Ausnahmen von der Mund-Nase-Bedeckungspflicht

 

Bei Bestehen einer Pflicht zum Tragen der Mund-Nase-Bedeckung sind in Schulen und in und auf allen schulischen Anlagen folgende Personen von dieser Pflicht ausgenommen (angeführt ist nur unsere Schule Relevantes):

 

  • Personen, die aufgrund einer medizinischen oder psychischen Beeinträchtigung oder wegen einer Behinderung keine Mund-Nase-Bedeckung tragen können.

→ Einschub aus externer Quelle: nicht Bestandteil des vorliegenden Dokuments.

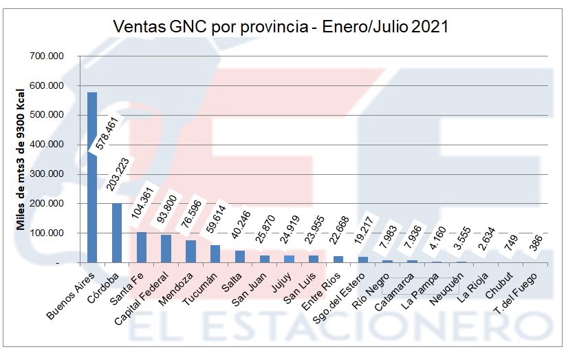 La siguiente es el detalle por provincia de las conversiones a GNC
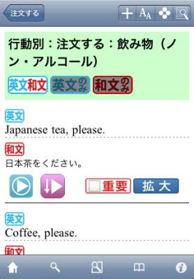 ●場面別、行動別に分類され、必要な表現の検索が簡単
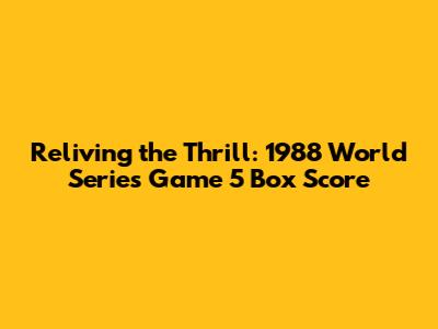 Hey baseball fanatics! Ever feel that nostalgic itch for the golden age of the sport? Well, let's fire up the time machine and head back to 1988, specifically to Game 5 of the World Series. This wasn't just any game; it was a defining moment in baseball history, brimming with drama, unforgettable performances, and that unmistakable energy only a World Series clash can deliver. So, grab your peanuts and Cracker Jacks, and let's dive into the 1988 World Series Game 5 box score, shall we?
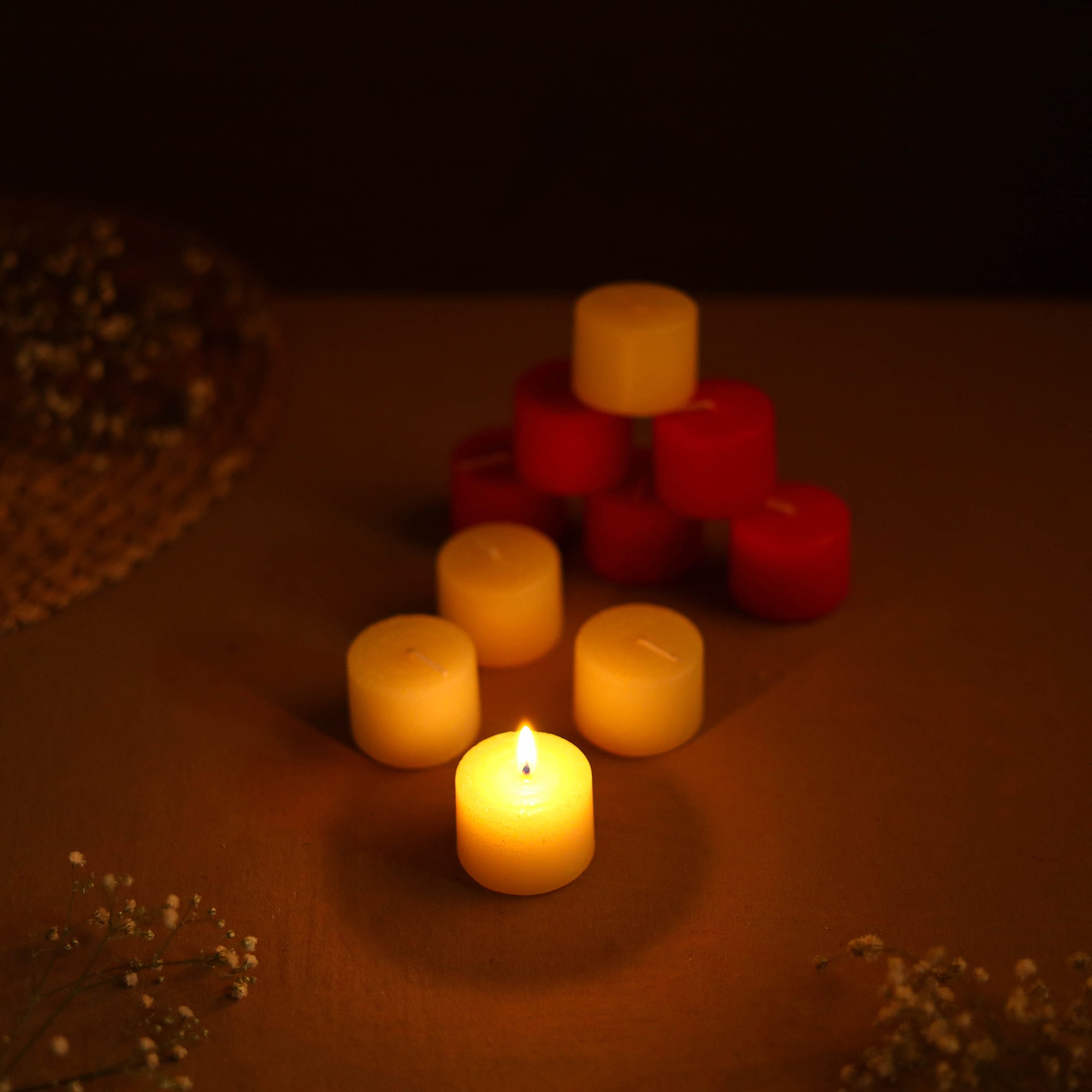 Illuminate your space with our aromatic pillar candles (Set of 10). Perfect to uplift the mood of any room or space. Each candle burns for a long time, offering a sustainable lighting option.

Die Einschränkung des Tragens einer Mund-Nase-Bedeckung aufgrund einer medizinischen oder psychischen Beeinträchtigung oder Behinderung ist glaubhaft zu machen. Im Zweifel kann die Vorlage eines ärztlichen Attestes verlangt werden;
  • Personen bei der unmittelbaren Nahrungs- oder Flüssigkeitsaufnahme;
  • Schülerinnen und Schüler, die sich im Freien bewegen;
  • Personen während des Unterrichts am Platz;
  • schulzugehörige Personen, die sich im Freien bewegen;
  • Personen, die sich allein in einem Raum befinden;
  • Personen während schriftlicher Prüfungen am Platz und während einer mündlichen oder fachpraktischen Prüfung

3. Schulische Veranstaltungen Für schulische Veranstaltungen gemäß Teil 7 SchulG M-V der öffentlichen Schulen oder schulische Veranstaltungen, die der Umsetzung der Pflicht aus § 117 Satz 2 SchulG M-V der Schulen in freier Trägerschaft dienen, finden die Regelungen der Corona-LVO M-V für Veranstaltungen in der jeweils geltenden Fassung Anwendung.